Droit international humanitaire en RDC : l’impunité au cœur des conflits
En République démocratique du Congo, l’application du droit international humanitaire se heurte à une réalité brutale : les engagements pris par les autorités et leurs partenaires ne suffisent pas à protéger les populations de l’est du pays. Malgré les efforts déployés, les violations des règles humanitaires persistent, aggravant une crise humanitaire déjà alarmante.
Face à l’escalade des violences et à la multiplication des groupes armés, le Comité international de la Croix-Rouge (CICR) a organisé une conférence à Kinshasa pour sensibiliser aux enjeux de ces règles et plaider pour leur respect strict. Cette initiative intervient alors que les civils continuent de payer un lourd tribut, pris au piège des affrontements entre les différentes factions armées.
Des règles humanitaires ignorées, des civils en première ligne
Dans les zones de conflit de l’est de la RDC, le droit international humanitaire reste largement méconnu ou bafoué. Cette situation expose particulièrement les populations civiles, souvent incapables de se protéger face aux violences qui les entourent. Les femmes et les filles subissent les conséquences les plus dramatiques, comme le souligne Julienne Lusenge, militante des droits humains :
- « Les violences sexuelles se comptent par millions. Chaque minute, des femmes, des filles et des enfants, mais aussi des hommes, sont victimes de ces agressions. »
Elle insiste sur l’urgence d’instaurer des sanctions internationales contre les auteurs de ces crimes, un mécanisme encore trop rare selon elle :
- « Malheureusement, au niveau international, aucun cas n’a jamais été jugé. Il est essentiel de sanctionner les crimes de violences sexuelles sur la scène mondiale. »

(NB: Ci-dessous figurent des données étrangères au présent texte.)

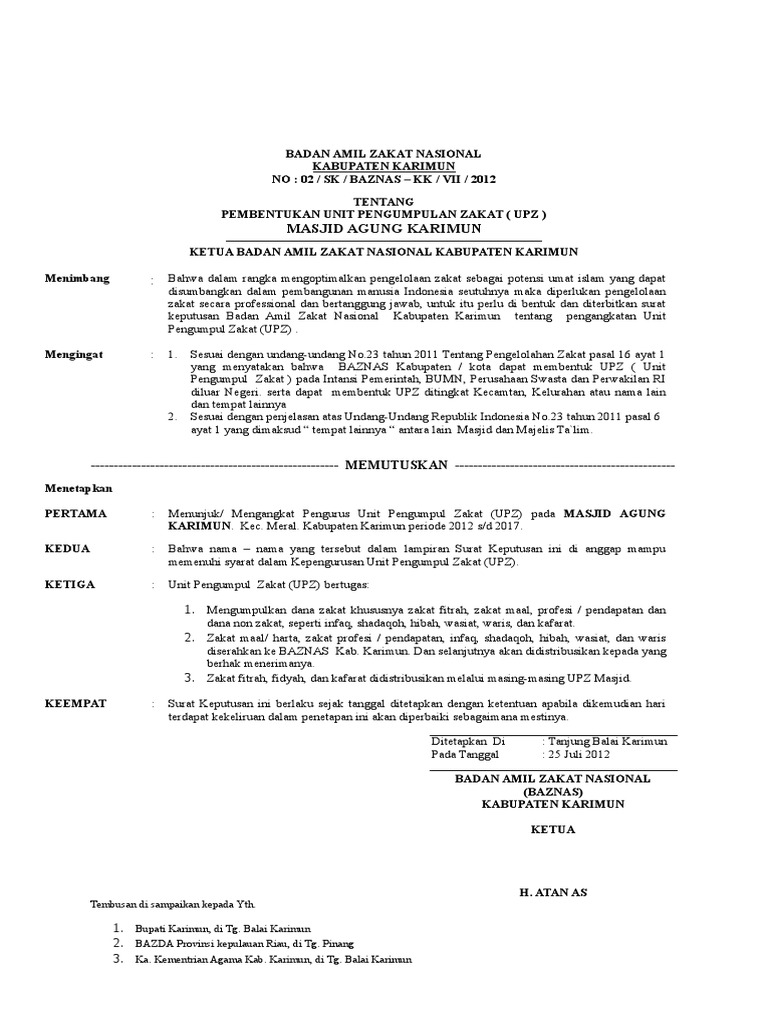 Doc Contoh Sk Pengangkatan Amil Wawan Sumarna Academia Edu

Justice militaire et dissuasion : des pistes pour lutter contre l’impunité
Julienne Lusenge met en avant deux leviers essentiels pour protéger les civils : le renforcement des capacités des forces de sécurité et l’intensification de la lutte contre les groupes armés. Parallèlement, la justice militaire congolaisse mène des procès contre les militaires impliqués dans des exactions. Le général Jean-Paul Tshayikolo, magistrat à la Haute Cour militaire, explique que ces procédures visent à la fois à sanctionner les coupables et à dissuader d’autres militaires de commettre des abus :
- « Il y a de bons et de mauvais éléments au sein de l’armée. Notre objectif est d’avoir une armée composée uniquement de bons éléments. Bien que l’impunité zéro soit difficile à atteindre, la justice militaire agit pour sanctionner. Les statistiques prouvent notre engagement. »
Un conflit fragmenté, des défis humanitaires accrus
Plus de 200 groupes armés opèrent dans les provinces du Nord-Kivu, du Sud-Kivu, de l’Ituri et du Tanganyika. Leurs alliances changeantes rendent complexe l’identification des responsables des violations du droit international humanitaire, compliquant ainsi les mécanismes de contrôle et de sanction. De plus, la distinction entre civils et combattants, pourtant fondamentale dans les règles humanitaires, est rarement respectée sur le terrain. Ces obstacles renforcent l’impunité et entravent les poursuites judiciaires.
Face à cette situation, la nécessité d’une action concertée entre les autorités congolaises, les organisations humanitaires et la communauté internationale devient plus pressante que jamais pour mettre fin à ce cycle de violences et restaurer la protection des civils.